Utilize the “Adobe PDF” link on this page or the “PDF” button displayed with the feature image to access then download the Michigan Advance Directive templates to your machine.

Step 2 – Read Through The Introduction To The Michigan Durable Power Of Attorney For Health Care

You must identify yourself as the Principal issuing an appointment to grant a specific Patient Advocate with the right to speak for you with Michigan Doctors and Medical Responders handling your treatment and care before you can proceed with this designation of authority. The bold heading “This Is An Advance Directive For” shall lead to a section containing several blank lines. Each of these is labeled with a request for information regarding yourself that must be used to present the Principal (the future Michigan Patient) behind this document. Use the lines labeled “Name,” “Date Of Birth,” and “Last 4 Digits Of SSN” to document the Principal’s first, middle, and last name where requested then your birthday and the last four digits of the Principal’s social security number. Once you input your information to these lines, you will be the Principal issuing this document. Continue with a record of your daytime and nighttime telephone numbers on the lines labeled “Telephone (Day) and “(Evening).” If you have a “Cell” phone number, record it on the blank line presented with the previous two.  The full address on your identification papers, for instance, your driver’s license or insurance paperwork, should be presented as first an “Address” (building/street/apt) then “City/State/Zip” on the next two blank lines.   

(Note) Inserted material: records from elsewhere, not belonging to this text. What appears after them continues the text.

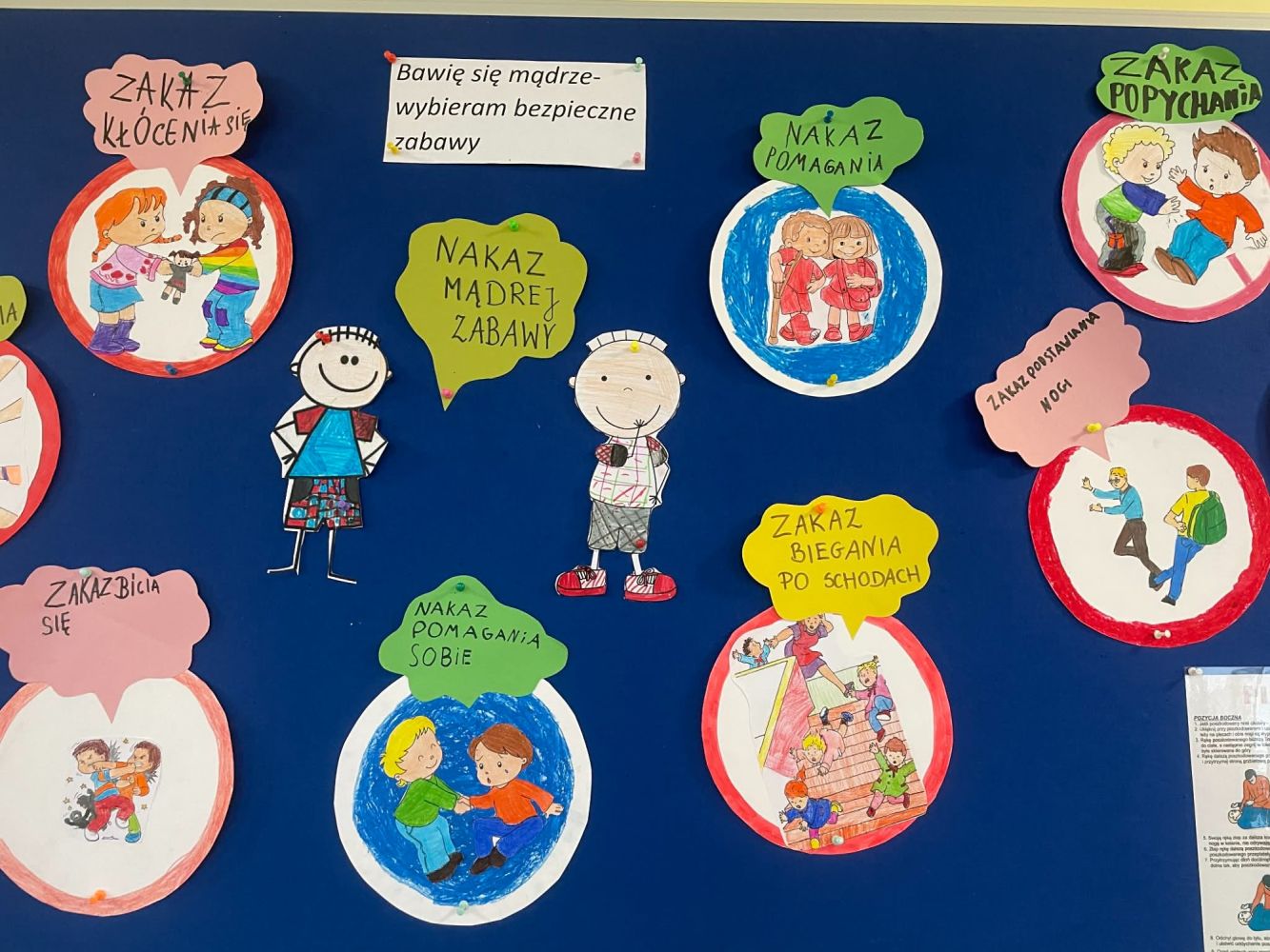 Przygotowane plakaty zostały rozwieszone na korytarzu szkolnym, aby każdego dnia przypominały wszystkim o bezpiecznej i zgodnej zabawie.
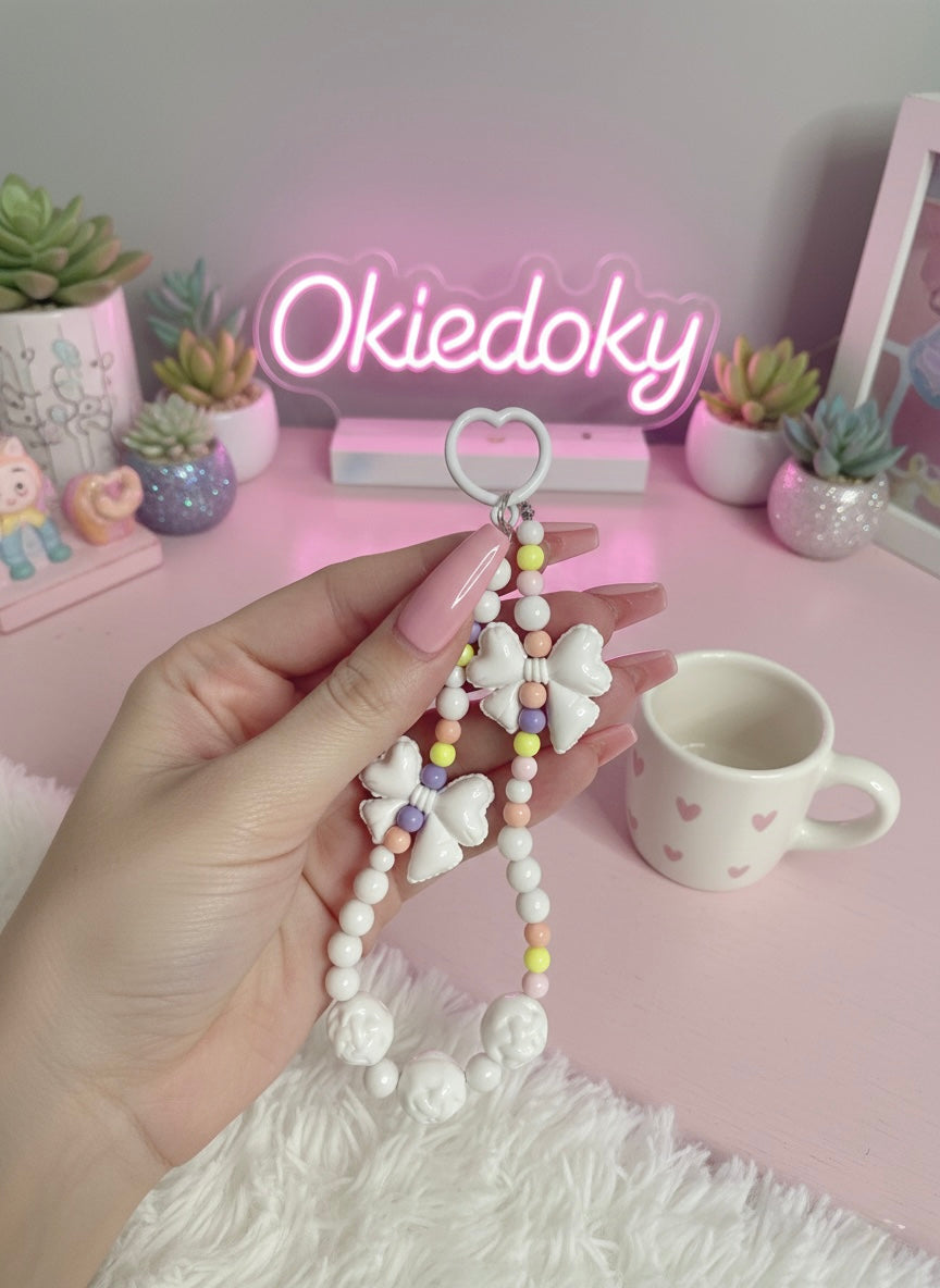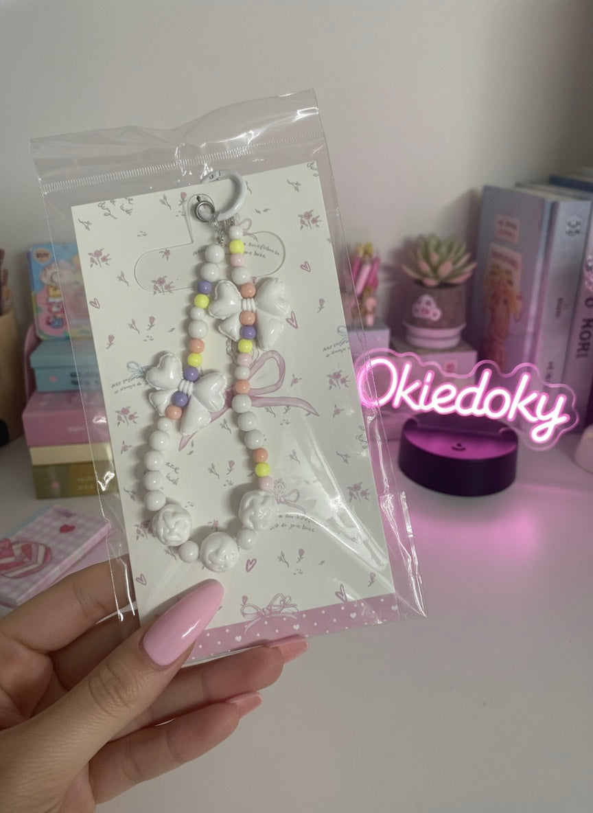 Featuring adorable bow charms, glossy white beads, and subtle pastel accents, this charm adds an elegant yet cute touch to your phone or accessories.
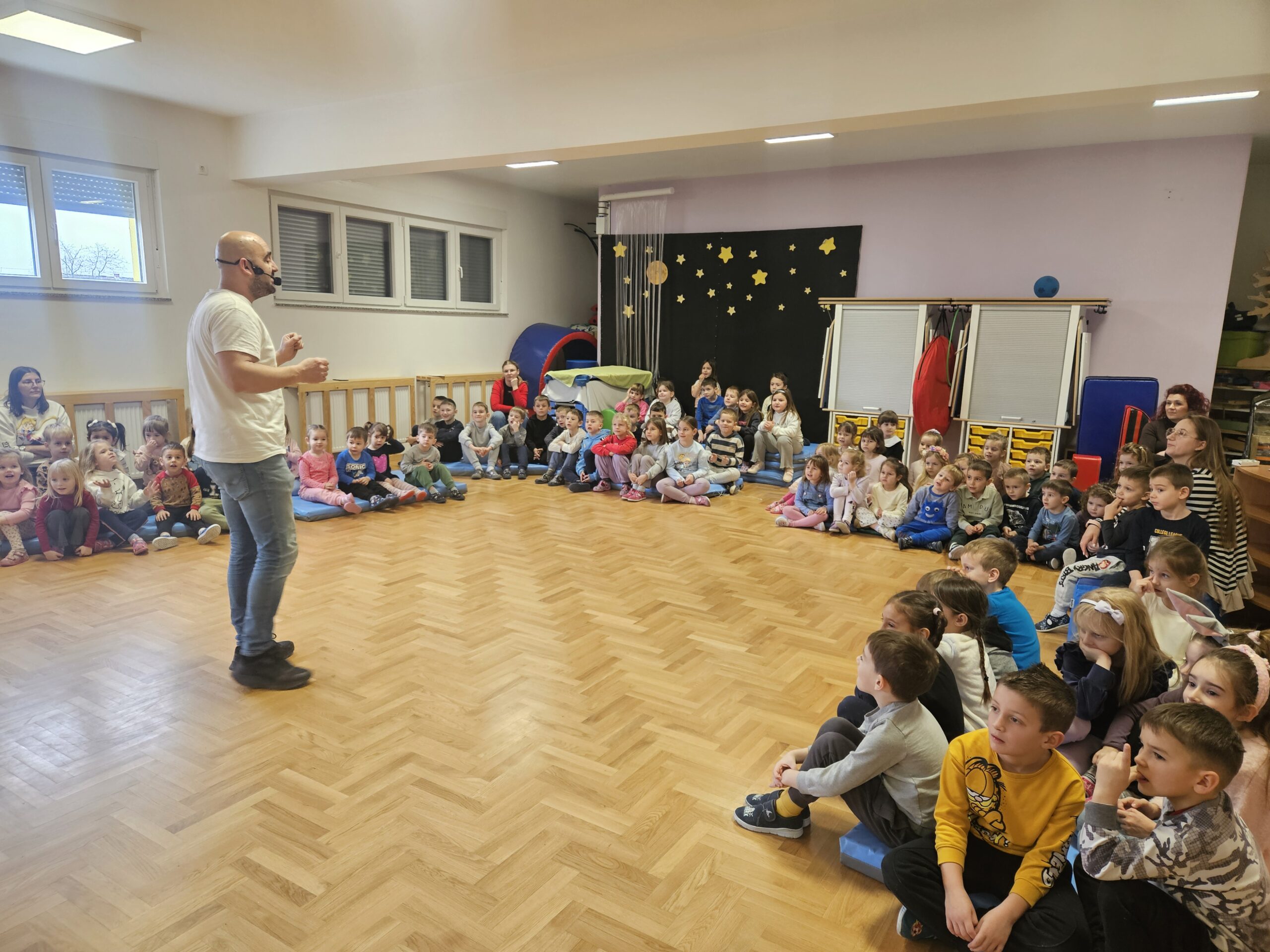 Danas je u našem vrtiću gostovala Produkcija Z s kazališnom predstavom „Šumska priča“, koja je razveselila djecu i ispunila naš prostor smijehom i veseljem. Kroz zanimljivu i poučnu priču o šumskim životinjama, djeca su imala priliku učiti o prijateljstvu, suradnji i brizi za prirodu. Predstava je bila interaktivna, prilagođena dječjem uzrastu, a mali gledatelji su s velikim zanimanjem pratili radnju i aktivno sudjelovali u pojedinim dijelovima. Zahvaljujemo Produkciji Z na lijepom gostovanju i veselimo se novim susretima s kazališnom umjetnošću.
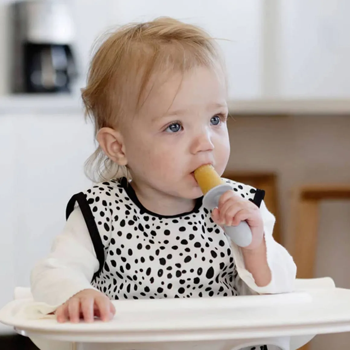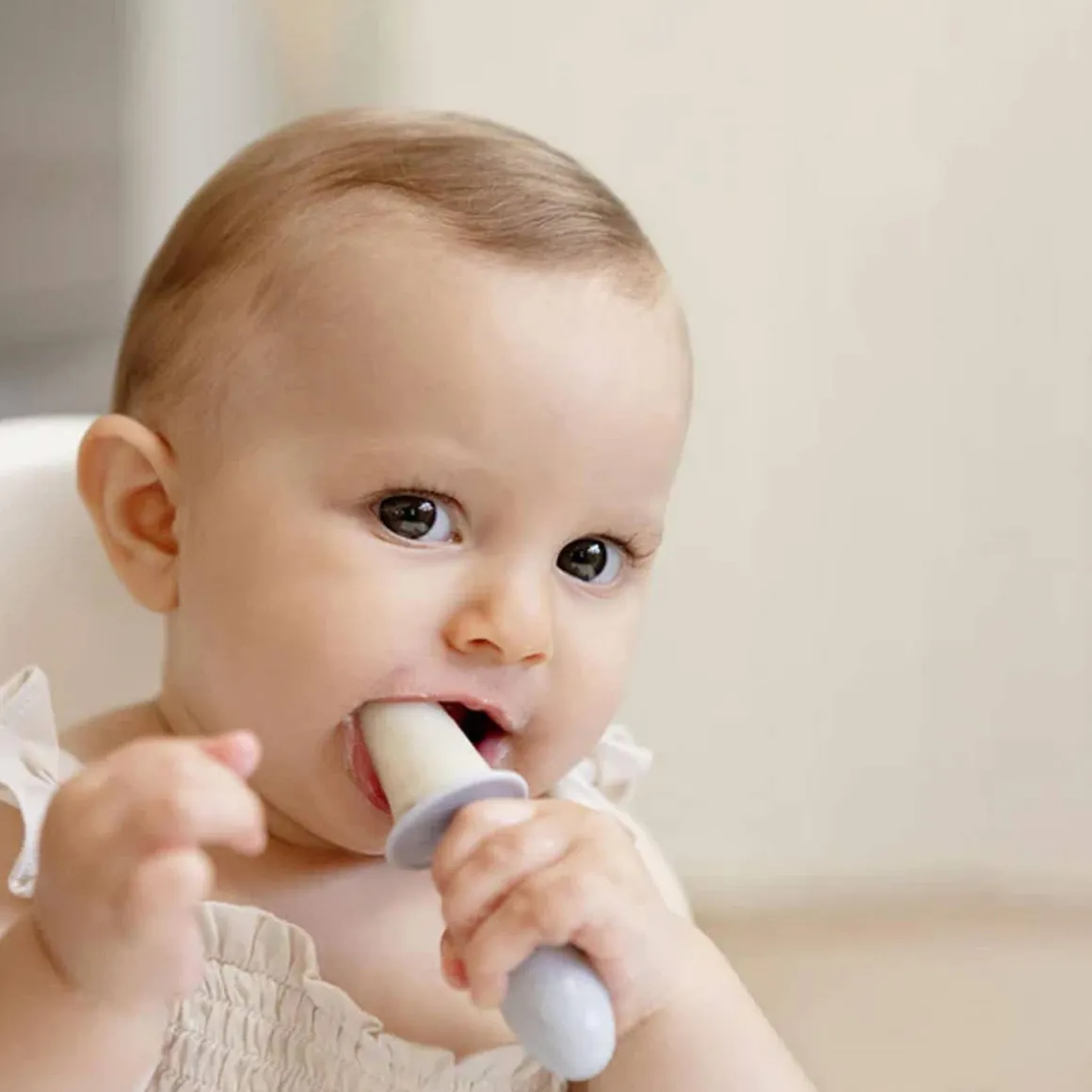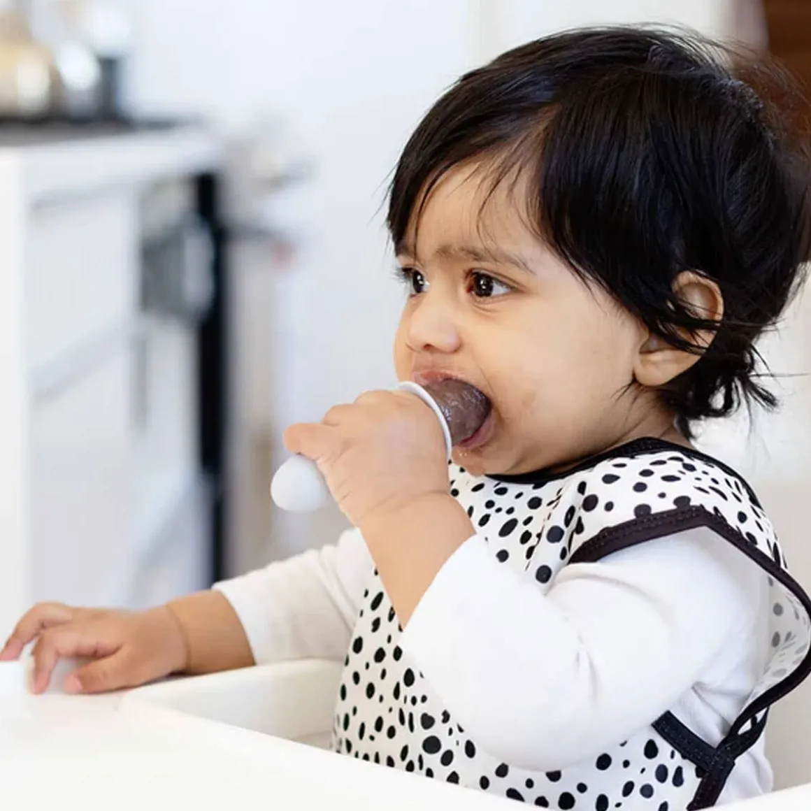 Finally, a popsicle mold made for infants! Ezpz Tiny Pops are portion-sized at ½ oz and have a short, fat, round handle for baby’s grasp. To use, simply freeze breast milk, formula or a smoothie for 4+ hours and (voila!) your baby has nourishment and a treat for their senses!

Step 3 – Identify The Michigan Principal Issuing This Appointment

The Patient Advocate you wish to appoint with the representational powers to speak for you with Michigan Physicians when you are unconscious or otherwise unable to effectively communicate must be named underneath the bold words “The Person I Choose As My Patient Advocate Is.” The “Name” line is reserved for the full name of this individual while the “Relationship (If Any)” must be used to define how the Patient Advocate and yourself (as the Principal) know each other. For instance, this may be a good friend, a sibling, a parent, or an adult child (i.e., your offspring or adopted son/daughter).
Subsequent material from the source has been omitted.